* **WORK INSTRUCTION**: Please repeat, exactly as they stand, the line containing "Remarks: **Safety**\\Hinged rear" and the lines after it through the final line of the listing below, minus pictures.

* **DATA EXTRACT**:
------------------------------------------------------------------------

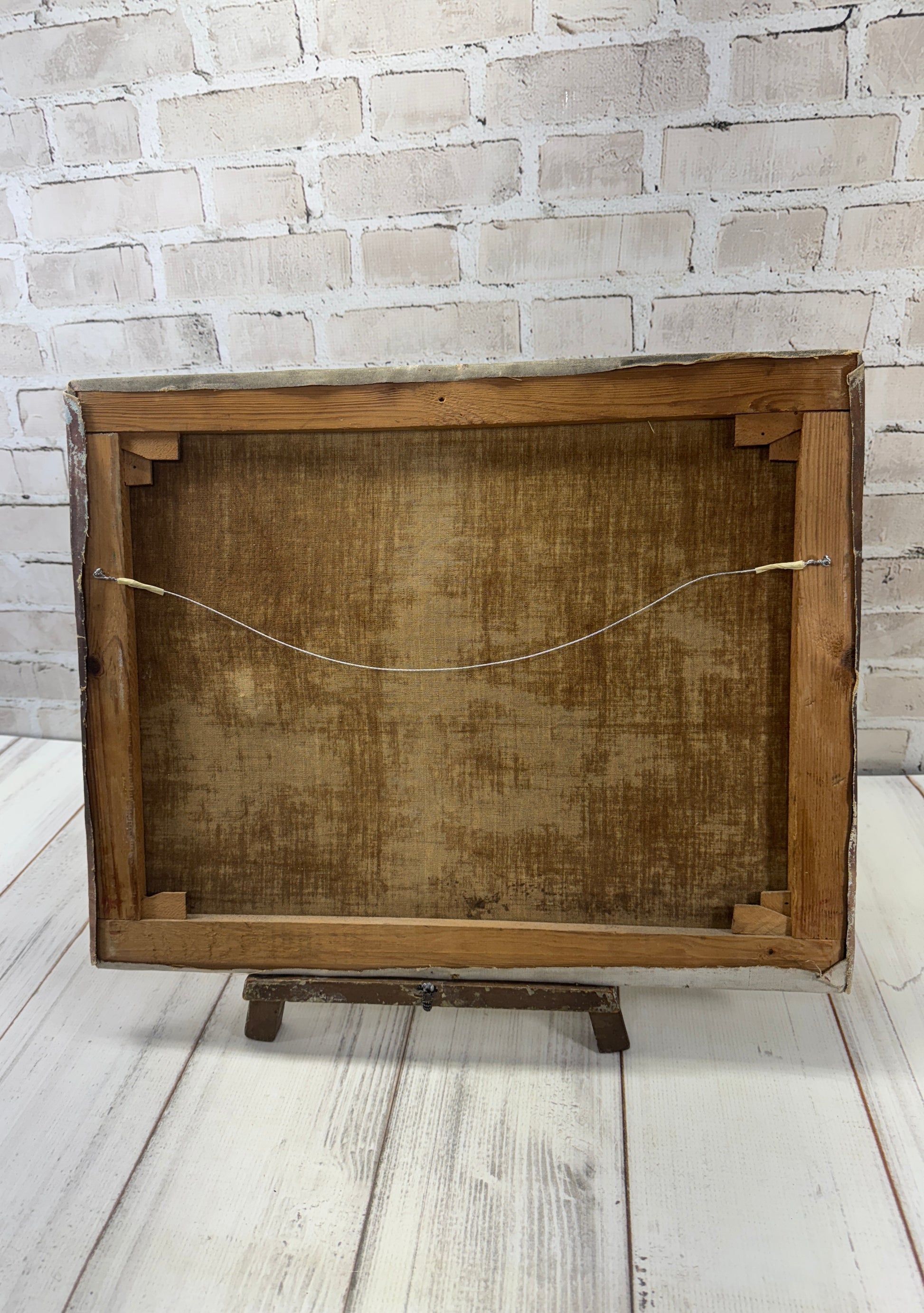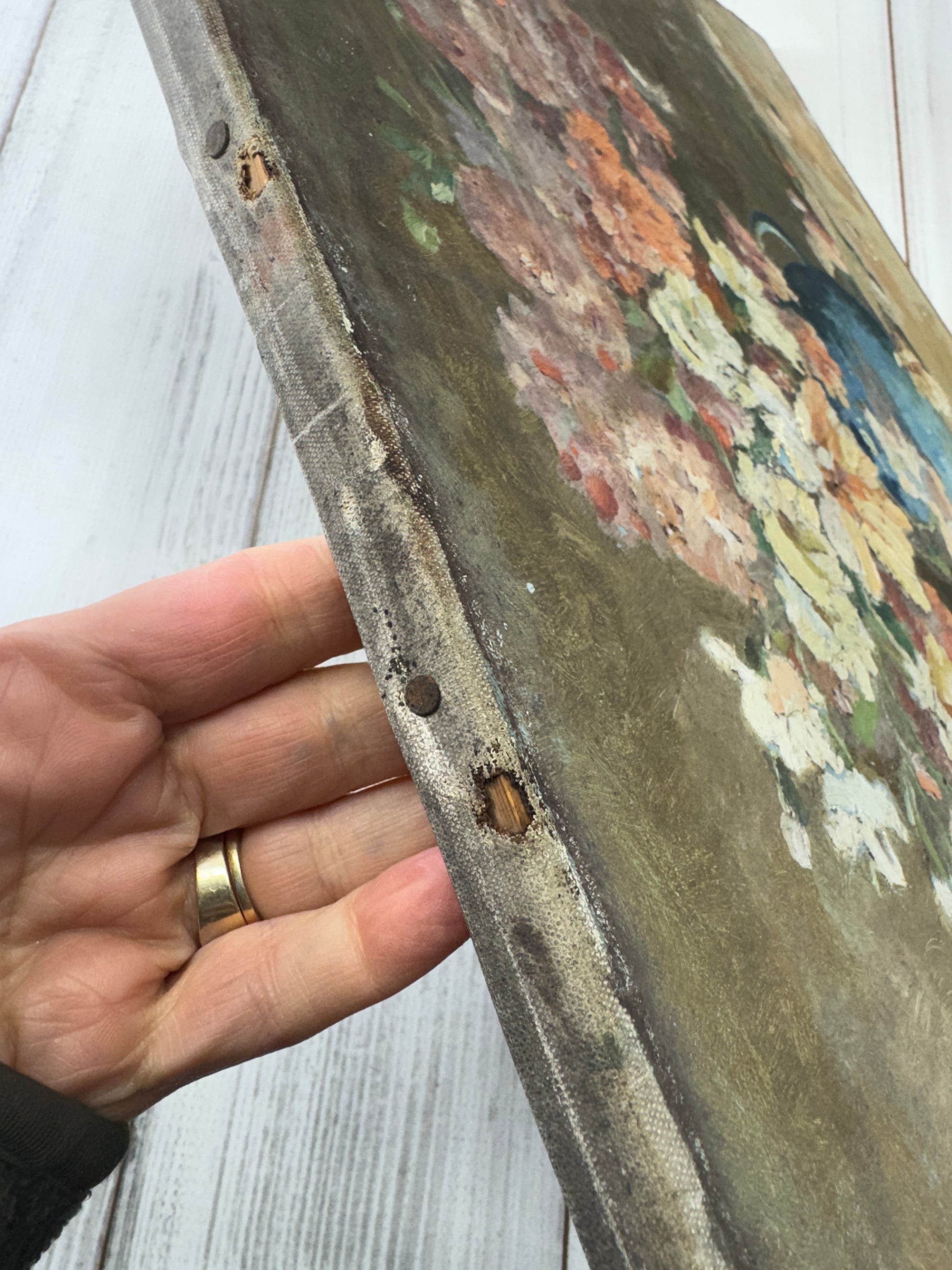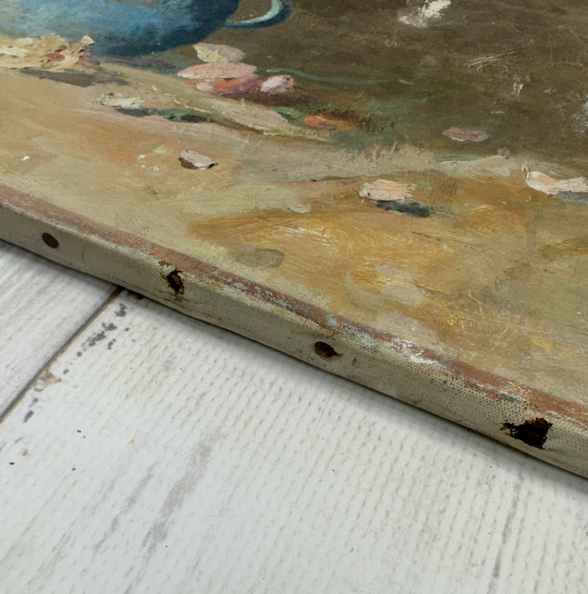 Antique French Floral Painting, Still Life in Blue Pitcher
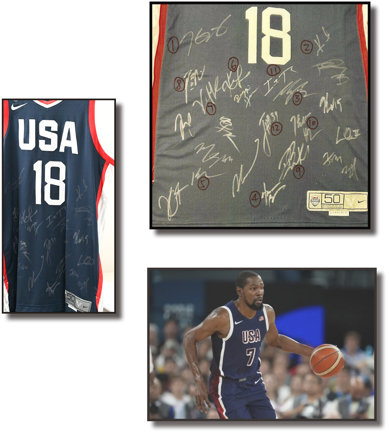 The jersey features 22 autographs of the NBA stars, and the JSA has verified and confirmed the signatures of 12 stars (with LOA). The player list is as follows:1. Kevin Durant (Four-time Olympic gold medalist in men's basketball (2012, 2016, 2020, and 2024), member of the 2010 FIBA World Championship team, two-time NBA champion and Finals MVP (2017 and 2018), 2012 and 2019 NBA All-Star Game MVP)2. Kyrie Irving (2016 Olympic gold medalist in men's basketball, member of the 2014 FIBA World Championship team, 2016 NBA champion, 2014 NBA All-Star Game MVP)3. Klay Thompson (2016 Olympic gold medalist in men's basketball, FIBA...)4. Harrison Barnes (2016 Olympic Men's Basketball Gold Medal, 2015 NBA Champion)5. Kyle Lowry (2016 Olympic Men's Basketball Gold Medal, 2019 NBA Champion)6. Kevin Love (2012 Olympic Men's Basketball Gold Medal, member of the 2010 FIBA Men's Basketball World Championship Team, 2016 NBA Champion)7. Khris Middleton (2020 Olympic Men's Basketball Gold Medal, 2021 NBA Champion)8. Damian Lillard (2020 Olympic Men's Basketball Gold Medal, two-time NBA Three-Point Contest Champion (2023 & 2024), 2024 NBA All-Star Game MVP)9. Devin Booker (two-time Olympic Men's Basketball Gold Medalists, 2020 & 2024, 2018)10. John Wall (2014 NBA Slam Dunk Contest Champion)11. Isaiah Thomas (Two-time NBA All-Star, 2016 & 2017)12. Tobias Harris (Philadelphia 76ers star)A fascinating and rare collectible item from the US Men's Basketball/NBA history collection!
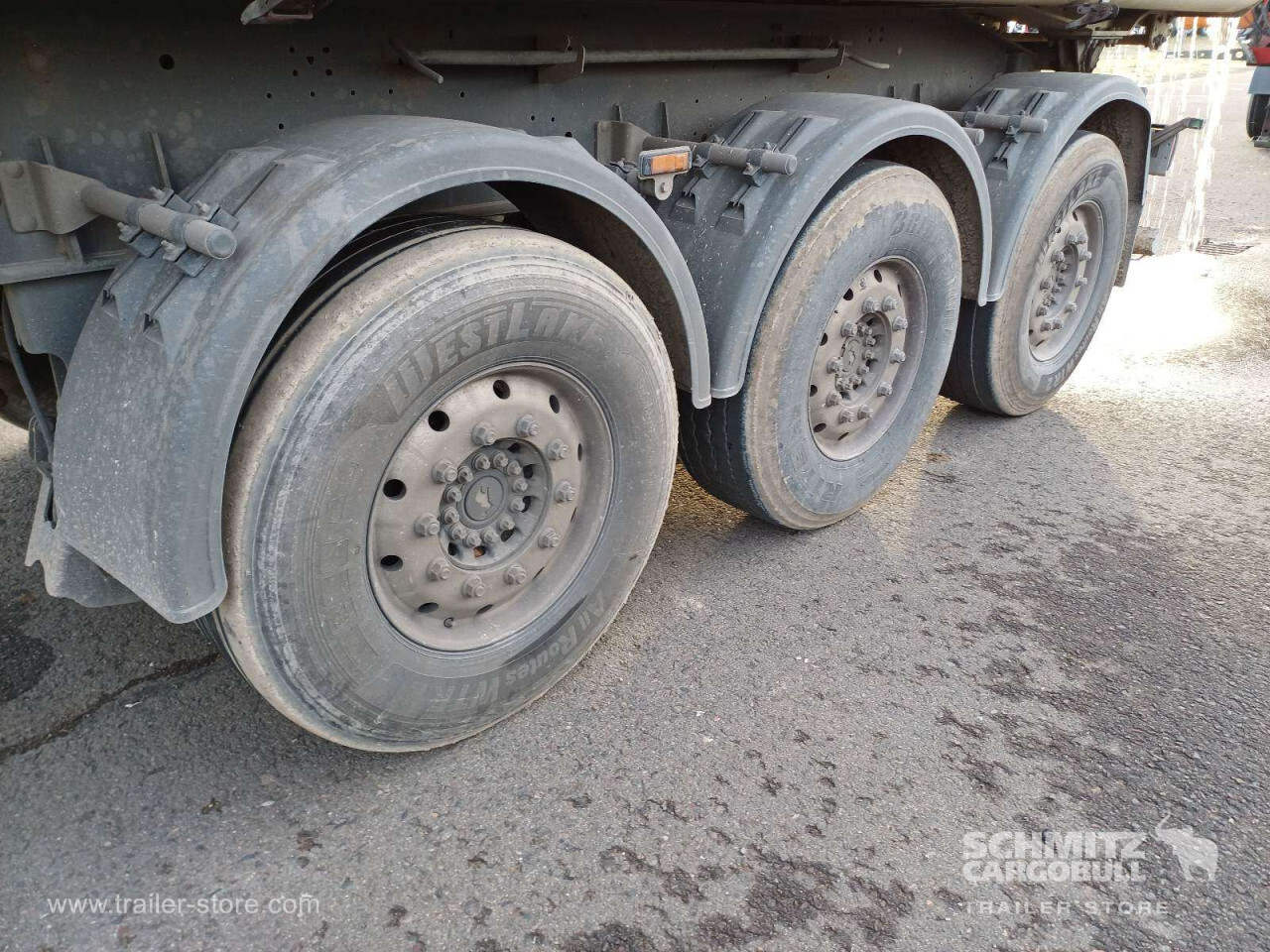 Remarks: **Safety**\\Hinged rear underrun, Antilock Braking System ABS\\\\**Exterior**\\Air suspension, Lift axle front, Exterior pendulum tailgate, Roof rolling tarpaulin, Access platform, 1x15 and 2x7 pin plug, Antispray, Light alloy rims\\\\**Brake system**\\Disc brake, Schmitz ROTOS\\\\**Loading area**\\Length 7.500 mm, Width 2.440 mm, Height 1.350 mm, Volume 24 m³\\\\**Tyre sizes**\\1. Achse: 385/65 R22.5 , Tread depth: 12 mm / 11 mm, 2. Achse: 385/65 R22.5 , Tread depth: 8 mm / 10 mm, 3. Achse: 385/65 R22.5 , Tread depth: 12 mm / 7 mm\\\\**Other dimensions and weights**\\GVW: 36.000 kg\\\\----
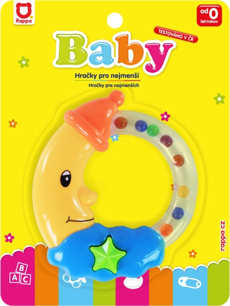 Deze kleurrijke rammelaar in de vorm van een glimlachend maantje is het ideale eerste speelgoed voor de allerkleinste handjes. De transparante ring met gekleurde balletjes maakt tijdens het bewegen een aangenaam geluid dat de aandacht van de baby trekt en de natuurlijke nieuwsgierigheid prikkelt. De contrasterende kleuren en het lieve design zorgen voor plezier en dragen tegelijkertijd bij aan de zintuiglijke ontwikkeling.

------------------------------------------------------------------------

* **TASK OUTPUT**:
 Remarks: **Safety**\\Hinged rear underrun, Antilock Braking System ABS\\\\**Exterior**\\Air suspension, Lift axle front, Exterior pendulum tailgate, Roof rolling tarpaulin, Access platform, 1x15 and 2x7 pin plug, Antispray, Light alloy rims\\\\**Brake system**\\Disc brake, Schmitz ROTOS\\\\**Loading area**\\Length 7.500 mm, Width 2.440 mm, Height 1.350 mm, Volume 24 m³\\\\**Tyre sizes**\\1. Achse: 385/65 R22.5 , Tread depth: 12 mm / 11 mm, 2. Achse: 385/65 R22.5 , Tread depth: 8 mm / 10 mm, 3. Achse: 385/65 R22.5 , Tread depth: 12 mm / 7 mm\\\\**Other dimensions and weights**\\GVW: 36.000 kg\\\\----
 Deze kleurrijke rammelaar in de vorm van een glimlachend maantje is het ideale eerste speelgoed voor de allerkleinste handjes. De transparante ring met gekleurde balletjes maakt tijdens het bewegen een aangenaam geluid dat de aandacht van de baby trekt en de natuurlijke nieuwsgierigheid prikkelt. De contrasterende kleuren en het lieve design zorgen voor plezier en dragen tegelijkertijd bij aan de zintuiglijke ontwikkeling.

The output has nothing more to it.